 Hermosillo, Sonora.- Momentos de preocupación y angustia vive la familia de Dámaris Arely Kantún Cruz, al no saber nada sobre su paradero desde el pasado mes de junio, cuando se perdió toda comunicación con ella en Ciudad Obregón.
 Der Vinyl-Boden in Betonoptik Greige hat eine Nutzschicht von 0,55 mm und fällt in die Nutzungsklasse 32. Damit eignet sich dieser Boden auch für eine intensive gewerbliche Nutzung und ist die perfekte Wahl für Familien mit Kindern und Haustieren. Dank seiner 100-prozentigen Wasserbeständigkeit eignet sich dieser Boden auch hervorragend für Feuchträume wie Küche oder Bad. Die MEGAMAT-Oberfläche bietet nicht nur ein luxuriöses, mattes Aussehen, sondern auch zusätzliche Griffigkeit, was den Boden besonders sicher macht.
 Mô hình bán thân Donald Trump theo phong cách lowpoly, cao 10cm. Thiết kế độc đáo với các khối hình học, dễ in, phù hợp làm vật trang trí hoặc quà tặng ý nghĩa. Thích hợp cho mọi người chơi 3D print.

--

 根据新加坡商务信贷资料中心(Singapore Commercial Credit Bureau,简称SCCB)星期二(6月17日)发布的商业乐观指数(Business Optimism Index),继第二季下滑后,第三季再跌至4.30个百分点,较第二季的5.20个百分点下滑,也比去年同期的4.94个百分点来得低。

--

TASK DIRECTIONS: Search the listing above for the lines with "Hermosillo, Sonora.- Momentos" and "Mô hình bán", then output those lines and all lines between them exactly.

EXERCISE SOLUTION:
 Hermosillo, Sonora.- Momentos de preocupación y angustia vive la familia de Dámaris Arely Kantún Cruz, al no saber nada sobre su paradero desde el pasado mes de junio, cuando se perdió toda comunicación con ella en Ciudad Obregón.
 Der Vinyl-Boden in Betonoptik Greige hat eine Nutzschicht von 0,55 mm und fällt in die Nutzungsklasse 32. Damit eignet sich dieser Boden auch für eine intensive gewerbliche Nutzung und ist die perfekte Wahl für Familien mit Kindern und Haustieren. Dank seiner 100-prozentigen Wasserbeständigkeit eignet sich dieser Boden auch hervorragend für Feuchträume wie Küche oder Bad. Die MEGAMAT-Oberfläche bietet nicht nur ein luxuriöses, mattes Aussehen, sondern auch zusätzliche Griffigkeit, was den Boden besonders sicher macht.
 Mô hình bán thân Donald Trump theo phong cách lowpoly, cao 10cm. Thiết kế độc đáo với các khối hình học, dễ in, phù hợp làm vật trang trí hoặc quà tặng ý nghĩa. Thích hợp cho mọi người chơi 3D print.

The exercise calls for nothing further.